■ **ACTIVITY**:
Among the lines below, the one containing "이번 강좌는 ‘2025년" opens the range and the one containing "Der Dukatenfalter ist" closes it. Print that range exactly, without the pictures.

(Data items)
▼
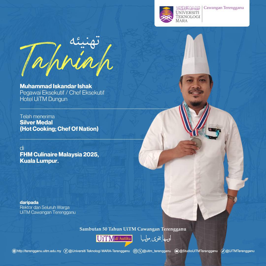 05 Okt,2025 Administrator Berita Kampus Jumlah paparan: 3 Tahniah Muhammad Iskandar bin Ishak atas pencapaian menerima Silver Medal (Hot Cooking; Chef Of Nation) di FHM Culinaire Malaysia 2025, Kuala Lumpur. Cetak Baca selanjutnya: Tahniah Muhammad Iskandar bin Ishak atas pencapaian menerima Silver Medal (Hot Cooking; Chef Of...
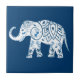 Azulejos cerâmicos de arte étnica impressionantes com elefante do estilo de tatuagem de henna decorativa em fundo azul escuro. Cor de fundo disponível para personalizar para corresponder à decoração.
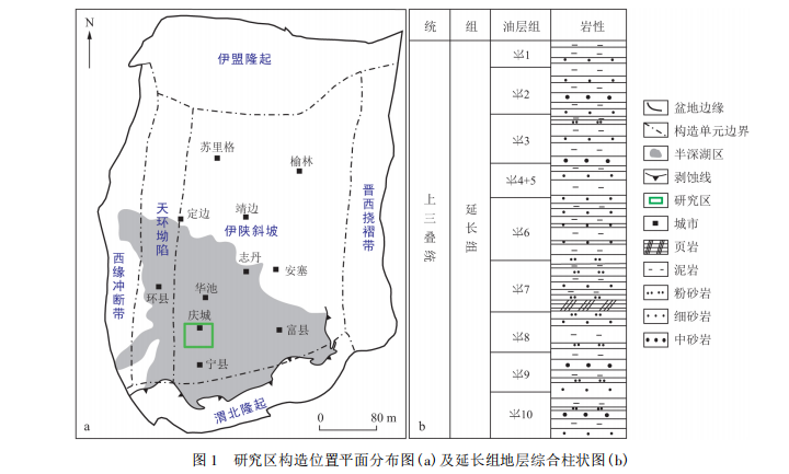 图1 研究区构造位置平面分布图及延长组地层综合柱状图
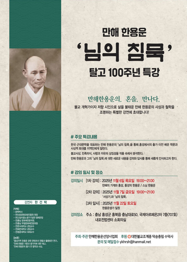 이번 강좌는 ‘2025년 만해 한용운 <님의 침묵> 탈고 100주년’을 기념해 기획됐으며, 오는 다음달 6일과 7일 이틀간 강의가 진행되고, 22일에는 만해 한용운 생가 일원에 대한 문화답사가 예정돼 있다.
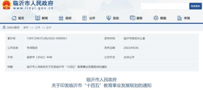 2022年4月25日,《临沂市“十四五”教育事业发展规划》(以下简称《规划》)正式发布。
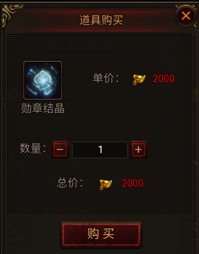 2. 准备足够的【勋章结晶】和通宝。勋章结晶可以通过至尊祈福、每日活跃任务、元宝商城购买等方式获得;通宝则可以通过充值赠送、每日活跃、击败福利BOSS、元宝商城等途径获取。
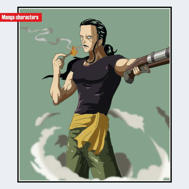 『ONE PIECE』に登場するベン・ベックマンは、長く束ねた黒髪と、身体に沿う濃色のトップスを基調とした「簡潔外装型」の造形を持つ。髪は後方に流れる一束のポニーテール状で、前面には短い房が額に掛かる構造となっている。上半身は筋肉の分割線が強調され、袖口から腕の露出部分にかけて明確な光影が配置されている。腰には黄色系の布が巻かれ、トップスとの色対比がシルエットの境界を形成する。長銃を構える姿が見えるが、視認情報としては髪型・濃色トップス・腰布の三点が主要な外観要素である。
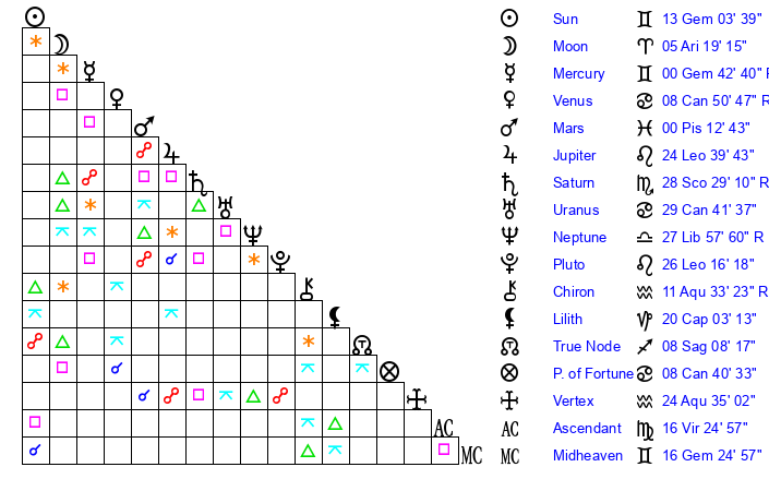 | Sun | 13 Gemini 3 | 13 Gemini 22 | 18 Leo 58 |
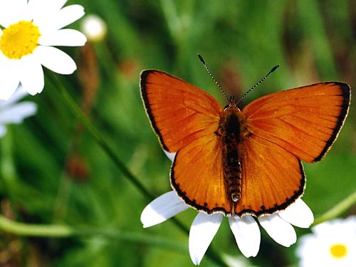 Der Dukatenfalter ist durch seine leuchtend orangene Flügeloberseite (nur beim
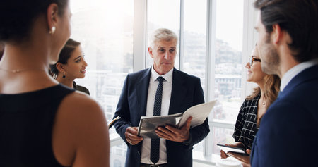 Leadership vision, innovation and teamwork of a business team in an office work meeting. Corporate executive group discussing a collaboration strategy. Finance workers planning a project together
▲
■ **EXPECTED ANSWER**:
 이번 강좌는 ‘2025년 만해 한용운 <님의 침묵> 탈고 100주년’을 기념해 기획됐으며, 오는 다음달 6일과 7일 이틀간 강의가 진행되고, 22일에는 만해 한용운 생가 일원에 대한 문화답사가 예정돼 있다.
 2022年4月25日,《临沂市“十四五”教育事业发展规划》(以下简称《规划》)正式发布。
 2. 准备足够的【勋章结晶】和通宝。勋章结晶可以通过至尊祈福、每日活跃任务、元宝商城购买等方式获得;通宝则可以通过充值赠送、每日活跃、击败福利BOSS、元宝商城等途径获取。
 『ONE PIECE』に登場するベン・ベックマンは、長く束ねた黒髪と、身体に沿う濃色のトップスを基調とした「簡潔外装型」の造形を持つ。髪は後方に流れる一束のポニーテール状で、前面には短い房が額に掛かる構造となっている。上半身は筋肉の分割線が強調され、袖口から腕の露出部分にかけて明確な光影が配置されている。腰には黄色系の布が巻かれ、トップスとの色対比がシルエットの境界を形成する。長銃を構える姿が見えるが、視認情報としては髪型・濃色トップス・腰布の三点が主要な外観要素である。
 | Sun | 13 Gemini 3 | 13 Gemini 22 | 18 Leo 58 |
 Der Dukatenfalter ist durch seine leuchtend orangene Flügeloberseite (nur beim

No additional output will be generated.